Sponsored by Nicholas Begich
The Alaska Native Claims Settlement Act of 1971 established a framework for recognizing Alaska Native villages and corporations, providing them with land and financial settlements. However, five southeastern Alaska communities—Haines, Ketchikan, Petersburg, Tenakee, and Wrangell—were omitted from this original settlement structure. These communities have remained unrecognized under federal law, unable to form Native corporations or receive land entitlements that other Alaska Native communities obtained decades ago. This exclusion has left Alaska Natives in these communities without the same legal standing and economic benefits available to their counterparts elsewhere in Alaska. This bill amends the Alaska Native Claims Settlement Act to authorize the five southeastern communities to establish Urban Corporations and receive land compensation. The Department of the Interior shall enroll eligible Alaska Natives from each community as shareholders in their respective Urban Corporations, granting each shareholder 100 shares of Settlement Common Stock. The bill also directs the Secretary of the Interior to convey approximately 23,040 acres of federal surface land to each of the five Urban Corporations—totaling roughly 115,200 acres—while conveying the subsurface (mineral) rights to the existing Regional Corporation for Southeast Alaska. These conveyances shall be considered full satisfaction of the communities' entitlements under the Act. The land conveyances must be completed within two years of each Urban Corporation's incorporation, though the Secretary may extend this deadline by up to one year for individual parcels pending appeal of easement decisions. The federal land is withdrawn from mining claims, mineral leasing, and other forms of disposition until conveyed. Shareholders in the new Urban Corporations will continue receiving distributions from the Regional Corporation for Southeast Alaska as at-large shareholders. The bill explicitly protects existing Native Corporation entitlements and does not alter revenue-sharing ratios among Alaska Native corporations, ensuring that recognizing these five communities does not diminish benefits to other established corporations.

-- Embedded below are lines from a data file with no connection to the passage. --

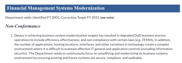 DoD had identified major financial management IT systems issues as far back as 2001 and initially set a “correction target date” of 2028. Sadly, 27 years were not long enough: This month, it pushed the target date back to 2031, blaming a “delay in the implementation of corrective actions.”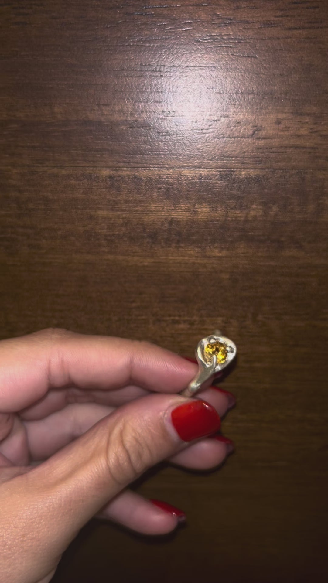 This ring features a golden natural citrine, gently cradled in a silver band that flows like melted metal.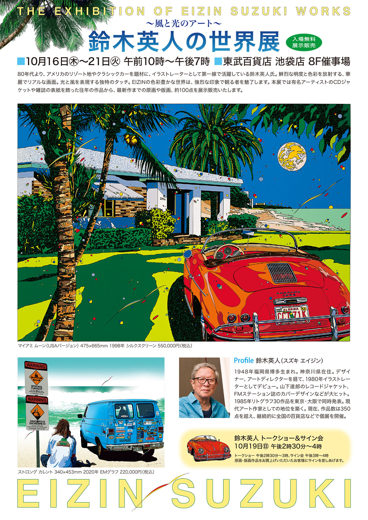 イベントガイド 8F催事場 <予告>~風と光のアート~鈴木英人の世界展 Tweet 会期 2025年10月16日(木)~21日(火) 営業時間:午前10時~午後7時 鈴木英人イラストレーター展示販売 鈴木英人公式サイトはこちら ※諸般の都合により、作家来場など催事内容が変更となる場合がございます。 イベント一覧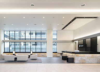 Lobby • Front is located on the 1F. Guests entering from the pedestrian deck on 3F please take the elevator down to 1F to enter the front.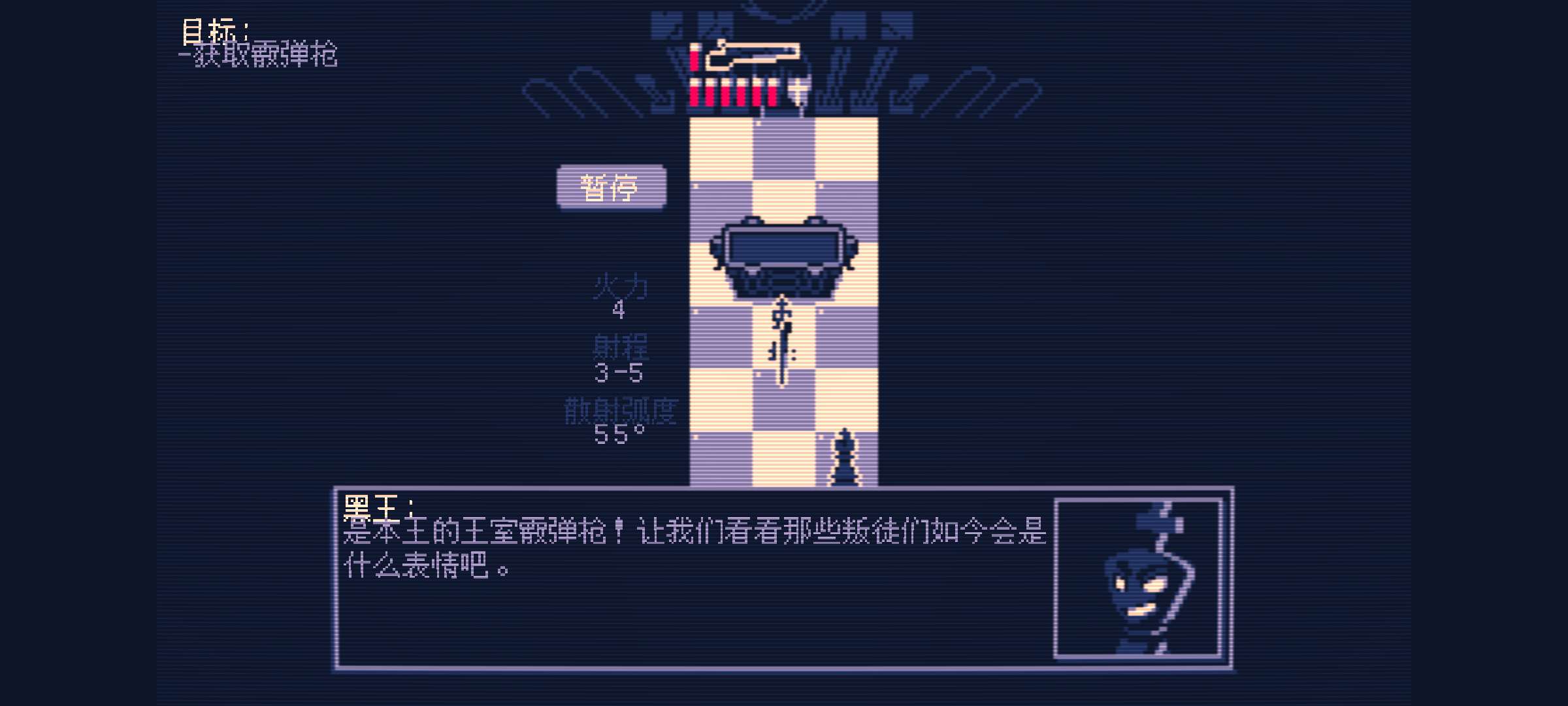 【游戏简介】《霰弹王:最终将杀》——一款极简主义回合制策略游戏,融合roguelike元素。玩家将操控一名配备霰弹枪的孤王,面对不断膨胀的敌方棋子大军。需谨慎规划每一步行动,管理弹药补给与阵型部署,并在每次胜利后选择强力升级。游戏以暗黑氛围、时尚画面及对经典棋类规则的巧妙重构,打造出紧张刺激的战术对决与高复玩性。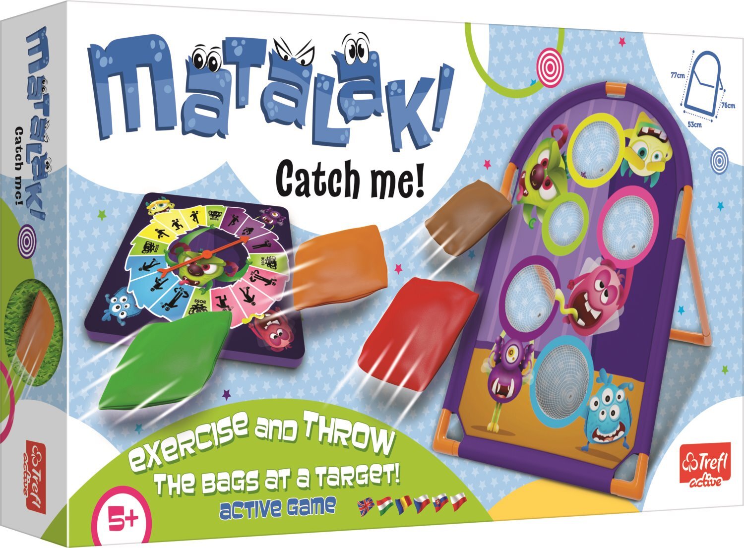 Vítejte ve světě spokojených příšerek s aktivní hrou TREFL ACTIVE: MATALAKI! Skákejte, točte se, cvičte a pokuste se trefit vylosovanou příšerku barevným pytlíčkem. Zvládnete hodit mezi nohama, se zakrytým okem nebo třeba zády k cíli? Příšery připravily mnoho úkolů, aby Vám házení...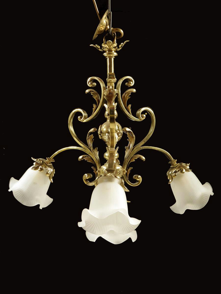 A brass ceiling light, with leaf scroll branches and four lights, with ribbed frosted glass flower head shades, 46cm high, 45cm wide.

Reported (Amended) by the Committee on Natural Resources. H. Rept. 119-579.

Sponsored by Dusty Johnson
The Wounded Knee Massacre site in South Dakota has long held profound historical and spiritual significance for the Oglala Sioux Tribe and Cheyenne River Sioux Tribe. Currently, approximately 40 acres at the location—where federal troops killed hundreds of Lakota people on December 29, 1890—are not held in a status that grants the tribes full sovereign control and protection from state taxation and outside interference. The land's legal status creates uncertainty about tribal jurisdiction, potential state taxation, and the tribes' ability to manage the site according to their own governance and cultural practices without federal bureaucratic review. The Secretary of the Interior must complete all necessary actions within one year to transfer the 40-acre Wounded Knee site into restricted fee status held jointly by the Oglala Sioux Tribe and Cheyenne River Sioux Tribe. Under restricted fee status, the tribes will own the land outright, exercise full civil and criminal jurisdiction over it as part of the Pine Ridge Indian Reservation, and be exempt from state and local taxation. The Secretary must also resolve utility agreements and survey documentation. The land will be governed by a covenant between the two tribes dated October 21, 2022, and cannot be transferred without congressional and tribal consent. Gaming activities are prohibited under the Indian Gaming Regulatory Act. Once the Secretary completes the transfer process, the tribes gain permanent control over the sacred site and memorial. The change takes effect within one year of enactment, with no new federal funding required beyond Interior Department administrative costs. Existing utility easements and private agreements remain in place. The tribes can now develop and manage the site—including memorials, cultural programs, and educational facilities—according to their own priorities and tribal law, without state interference or federal approval for land use decisions. This establishes a model for tribal sovereignty over historically significant indigenous lands.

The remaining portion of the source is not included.